Elaine Ho edited this page Nov 11, 2022 · 1 revision

Guide to writing plugins for Ot2Rec v0.2.x

Introduction

Plugins in Ot2Rec achieve four main objectives:

  1. Capture user arguments for the task. (These are saved in a yaml file)
  2. Generate the correct commands to call other programs to complete the task, e.g. IMOD
  3. Save the metadata along the way
  4. (Optionally) add a section to the report showing how the task performed.
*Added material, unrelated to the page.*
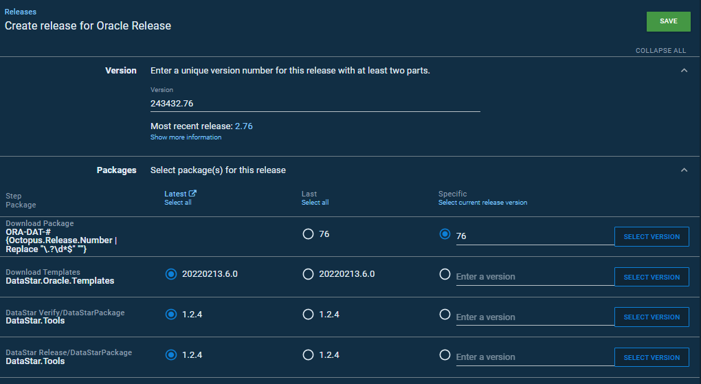 Creating an Octopus release when a DataStar project uses dynamic package selection takes a little care. The release has multiple packages (the scripts, DataStar.Tools, templates), and the dynamically-named one needs its version set separately from the release version.

plugin components for Ot2Rec

This guide will show you how to write an Ot2Rec plugin called plugin.

To-Do list

  • Add the user arguments to magicgui.py
  • Add the desired layout of plugin.yaml to params.py
  • Create plugin.py, which holds most of the logic behind your new plugin.
  • Add your command-line binding to setup.py. This binding allows users to call your plugin straight from the terminal.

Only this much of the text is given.